▶ _Task_
In the data below, find the line containing "Chevrolet Corvette C1"; transcribe it and each line after it exactly, through the last, skipping pictures.

▶ _Given entries_
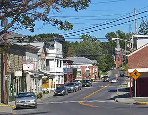 In the center of Mellenville, NY 217 intersects with CR 9 (Mellenville Road), with NY 217 serving as CR 9's southern terminus. NY 217 then heads southeast, crossing Claverack Creek and passing Mellenville Union Cemetery to the north as well as the adjacent Claverack Town Park. The route turns eastward and meets the northern terminus of Roxbury Road as it enters the village of Philmont. Within Philmont, NY 217 follows Main Street through the center of the densely populated village. At an intersection with Maple Street, the highway comes within view of Summit Lake, a small water body in the center of Philmont. Past the lake, NY 217 turns northeast once more and intersects with CR 11 (Martindale Road) as it leaves the village.[3]
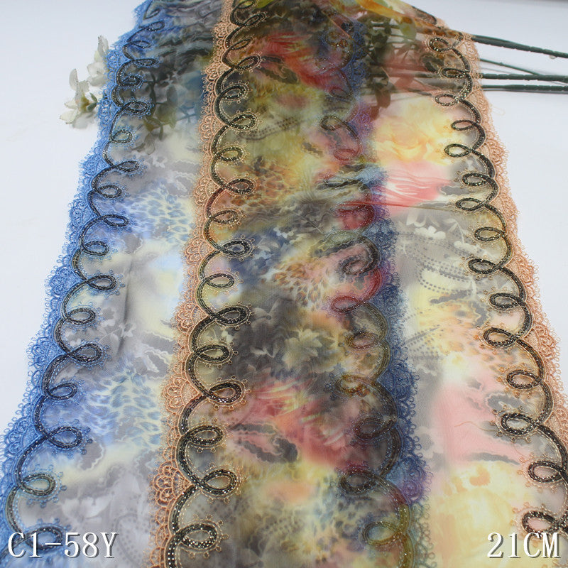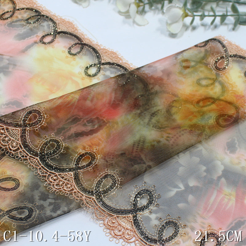 【1pack】-Freedombeauty | Bilateral Gold Thread Water Soluble Classical Printed Mesh Embroidery 21cm Curtain Sofa Cushion Lace Accessories
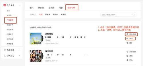 亲爱的读者们,你是否曾在某个瞬间,被某个声音深深吸引?是不是好奇过,如何在今日头条上也能捕捉到那些美妙的声音呢?今天,就让我带你一起探索,如何在今日头条上听声音,让你的耳朵也来一场说走就走的旅行吧!
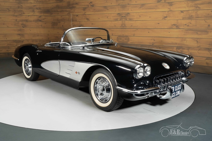 Chevrolet Corvette C1 Cabriolet in Triple Black te koop Het oogstrelende Triple Black-uiterlijk (zwart lakwerk, zwart interieur en zwarte soft top) wordt fraai geaccentueerd door de contrasterende zilverkleurige zijpanelen en klassieke whitewall-banden op originele chromen velgen. Deze Corvette wordt geleverd met zowel een hard top als een soft top, waardoor hij zich moeiteloos aan elk seizoen aanpast. Het interieur ademt authenticiteit, met zijn karakteristieke dashboard, driedelig stuurwiel en perfect gerestaureerde bekleding — een tijdloze mix van elegantie en sportiviteit.
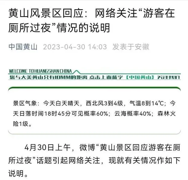 去年,黄山风景区管委会曾通过微信公众号“中国黄山”进行了回应,表示“虽经多方劝导,黄山风景区山上公共场所仍有800余名游客留宿。尽管景区不鼓励此类现象,但从确保游客安全和人性化关怀的角度,夜间打开酒店餐厅、大堂等公共厕所,尽最大努力给予基本服务。由于夜宿游客较多,公共场所容量有限,也有少数游客自行在景区旅游公厕过夜。”
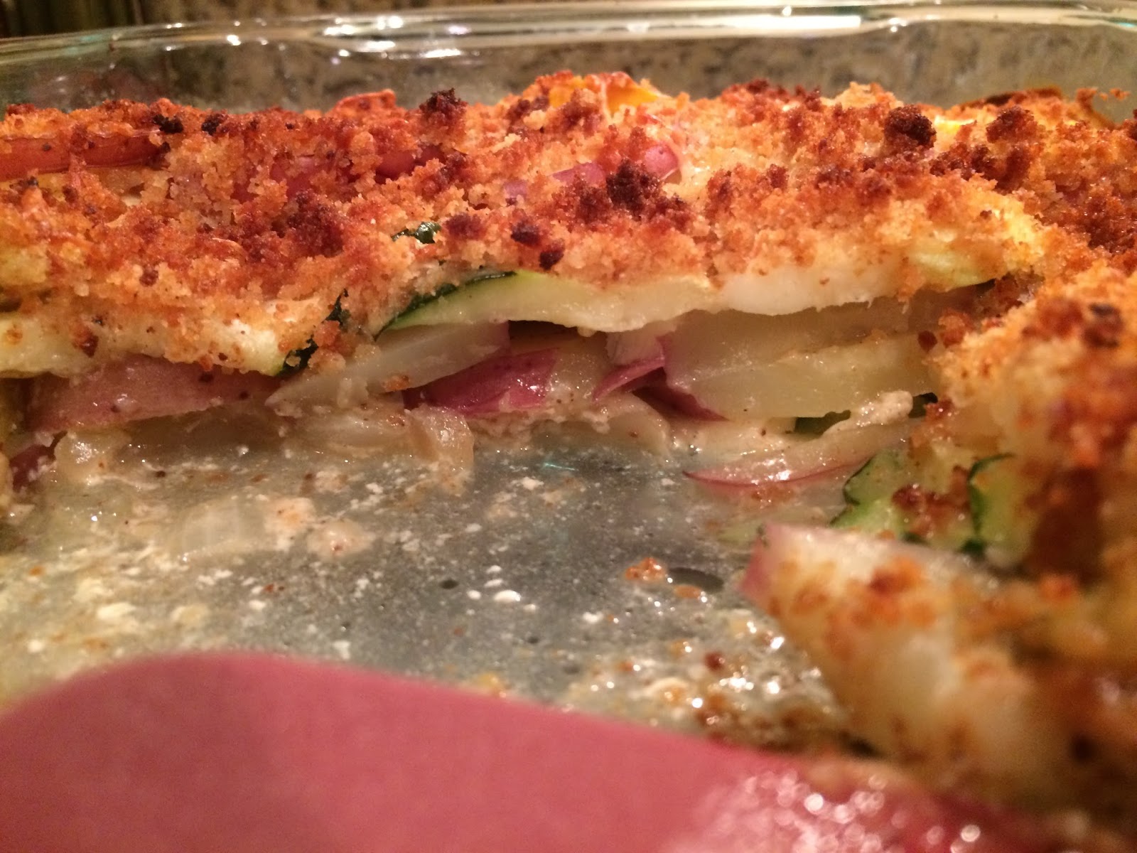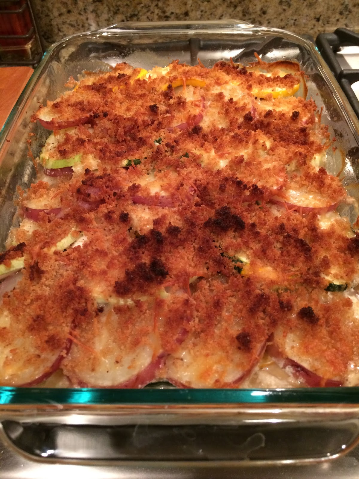 A few months ago, a friend did me a kindness by sending over bag full of various summer squashes from her garden (Thanks Danielle!) Well the Mr. and I are were not big squash fans, so I wanted to find a recipe we would like, and that still would use up the squash. That is how I found this amazing Pattypan Squash Gratin recipe!
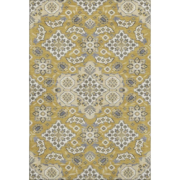 Mayfield Premium Machine Washable Abstract AMF1853 Gold 3 ft. x 5 ft. Area Rug
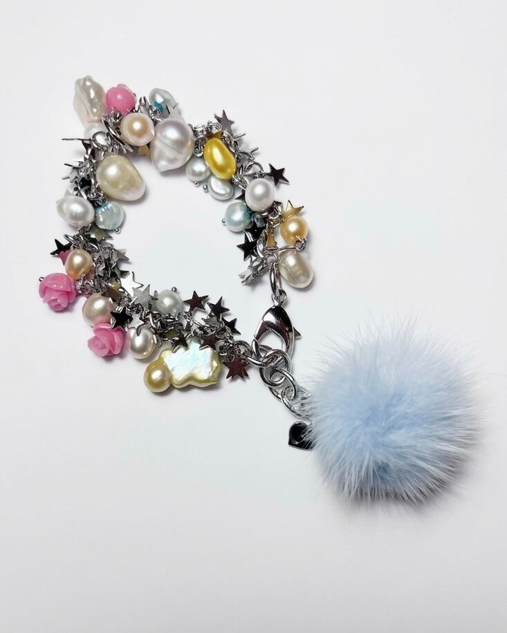 多種なマテリアルが詰まったキュートなブレスレット、バックチャームとしてもご使用いただけます
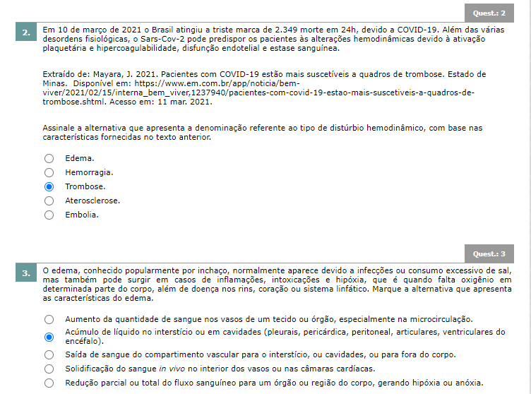 PATOLOGIA - AVA 3º CICLO (Questões 2 e 3) - Valor 0,5 Nota 0,5
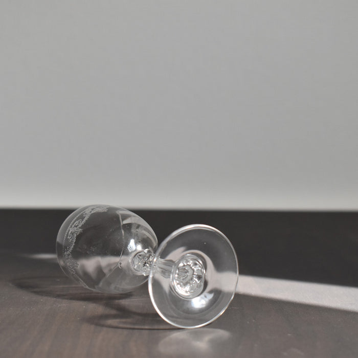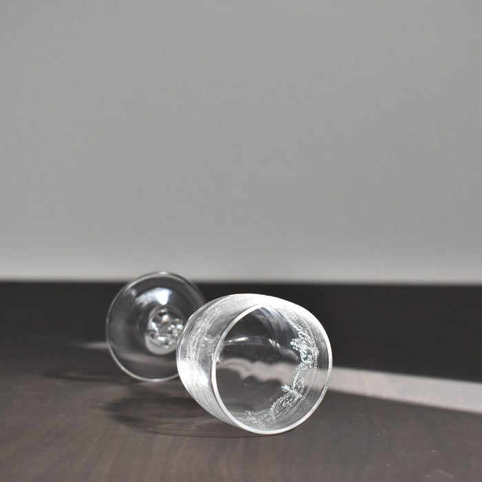 作り手の遊び心や技が光るエッチングが美しいクリスタルグラスです。

▶ _Worked solution_
 Chevrolet Corvette C1 Cabriolet in Triple Black te koop Het oogstrelende Triple Black-uiterlijk (zwart lakwerk, zwart interieur en zwarte soft top) wordt fraai geaccentueerd door de contrasterende zilverkleurige zijpanelen en klassieke whitewall-banden op originele chromen velgen. Deze Corvette wordt geleverd met zowel een hard top als een soft top, waardoor hij zich moeiteloos aan elk seizoen aanpast. Het interieur ademt authenticiteit, met zijn karakteristieke dashboard, driedelig stuurwiel en perfect gerestaureerde bekleding — een tijdloze mix van elegantie en sportiviteit.
 去年,黄山风景区管委会曾通过微信公众号“中国黄山”进行了回应,表示“虽经多方劝导,黄山风景区山上公共场所仍有800余名游客留宿。尽管景区不鼓励此类现象,但从确保游客安全和人性化关怀的角度,夜间打开酒店餐厅、大堂等公共厕所,尽最大努力给予基本服务。由于夜宿游客较多,公共场所容量有限,也有少数游客自行在景区旅游公厕过夜。”
 A few months ago, a friend did me a kindness by sending over bag full of various summer squashes from her garden (Thanks Danielle!) Well the Mr. and I are were not big squash fans, so I wanted to find a recipe we would like, and that still would use up the squash. That is how I found this amazing Pattypan Squash Gratin recipe!
 Mayfield Premium Machine Washable Abstract AMF1853 Gold 3 ft. x 5 ft. Area Rug
 多種なマテリアルが詰まったキュートなブレスレット、バックチャームとしてもご使用いただけます
 PATOLOGIA - AVA 3º CICLO (Questões 2 e 3) - Valor 0,5 Nota 0,5
 作り手の遊び心や技が光るエッチングが美しいクリスタルグラスです。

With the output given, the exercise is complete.